What is the reason for this? On the one hand there were countries such as Britain and other European states that were worried about the electoral power of the Tamil Diaspora, and assumed that its more vociferous members were decisive factors. Fortunately that populist perspective has now diminished, and perhaps one of the most heartening developments in recent months has been the impression Britain has given of wanting to move on, instead of dwelling in the unprincipled wickedness of the Miliband years.

But, conversely, the United States of America seems to have got more intense, as was exemplified by its efforts to suborn military personnel to give evidence against the Sri Lankan state. The recent efforts of its political affairs officer to pressurize government with regard to Sarath Fonseka, whom earlier the Americans had fingered as a possible war crimes suspect, is only explicable in terms of a sense of guilt about the garden path up which he was led. I should note that one should not of course generalize about the Americans. Even more than other countries, they seem to suffer from schizophrenia with regard to foreign policy, as was exemplified by the positive approach of their Defence Attache in Colombo, who was promptly rebuked for his pains. But, in addition to the endemic tussle between foreign affairs and defence perspectives, America also suffers from a strange combination of ruthless self interest, as their performances in Iraq and Pakistan over the years have shown, and a desire to be seen as decent guys.

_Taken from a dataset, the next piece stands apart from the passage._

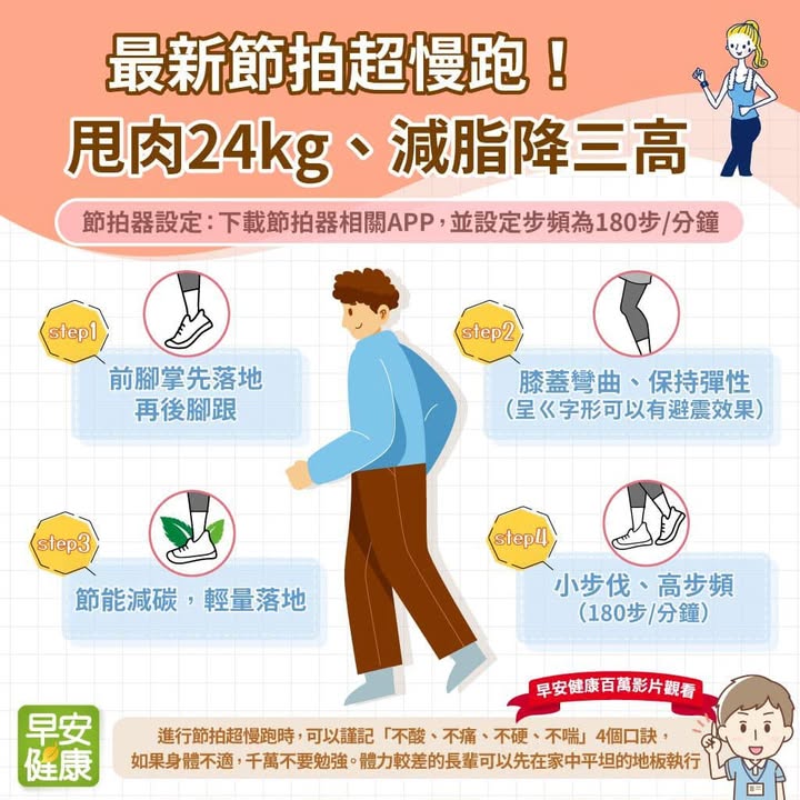 搭配節拍器設定180步頻來練跑,穩定心律、不會忽快忽慢,心跳穩定,跑起來就會舒服,也才能跑的久,對於減重減脂、降三高有幫助。
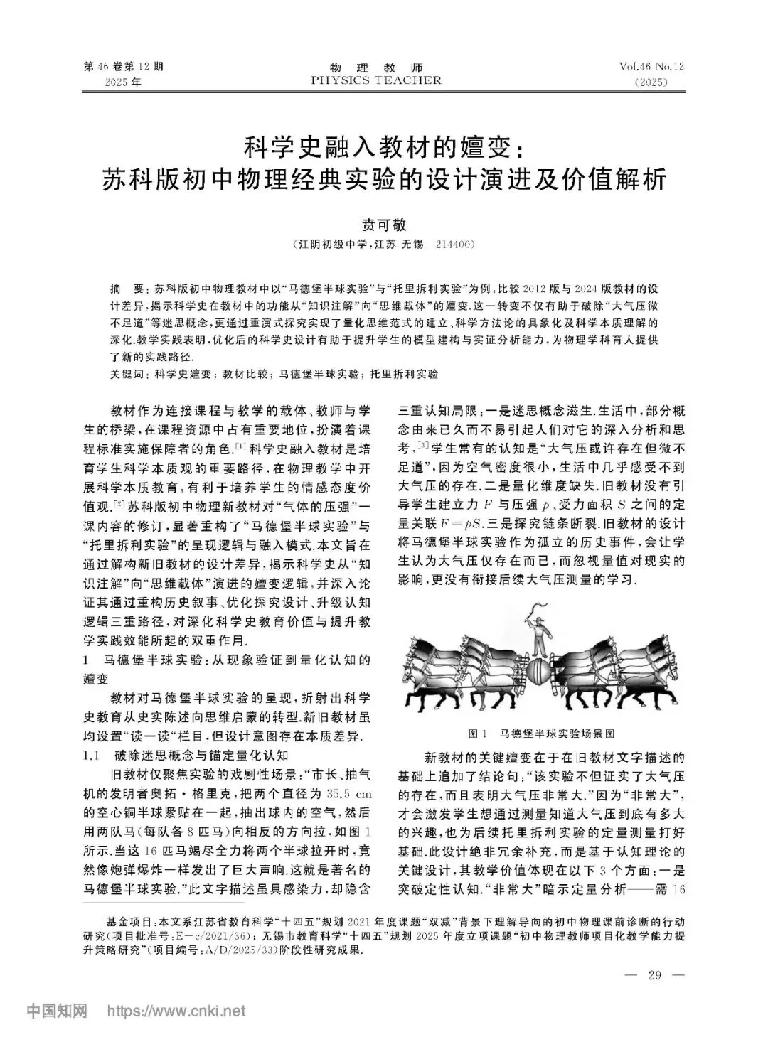 >【教学素材】科学史融入教材的嬗变:苏科版初中物理经典实验的设计演进及价值解析

For Sri Lanka this has led to astonishing levels of persecution since, as one forthright Republican observer put it, the bleeding hearts had to keep quiet about Guantanamo and everything else they had shouted about before, so they transferred their attention to Sri Lanka.

Political settlement

Instructively, and I believe this is where India must be careful not to allow itself to be used, I have heard some Western observers claiming that the policy of persecuting Sri Lanka is also in India’s interests, since otherwise our government is not likely to move on the political settlement that was anticipated. If so, the adoption of Sarath Fonseka as the preferred candidate for the Presidency was a very strange way of showing it. Instead of recognizing that the President had to repudiate the Fonseka philosophy of post-war-arrangements so as to be able to move on with reconciliation, a strange combination of social butterflies in Colombo and perverse diplomats decided to espouse the Fonseka cause. Sadly they managed to convince the Tamil National Alliance to follow suit, and it seems to be no coincidence that the principal Sri Lankan criticism of the LLRC Report came from the TNA, as though to reinforce the otherwise isolated American perspective.

All this has done untold damage to one of the main areas in which action is needed to achieve reconciliation, namely constitutional reforms to promote the empowerment of the Tamil people. I myself believe that the leadership of the TNA is sincere about seeking a solution within the framework of a unified Sri Lanka, but their unremitting persecution of the government with regard to what they suggest are war crimes does not help to create the confidence that is needed if power is to be shared further. If indeed they felt that crimes had been committed, endorsing Sarath Fonseka was a strange way to express indignation. To claim, after having done that, that retributory justice is required seems hypocritical and it is therefore understandable that doubts remain about the commitment to reconciliation of at least some members of the TNA.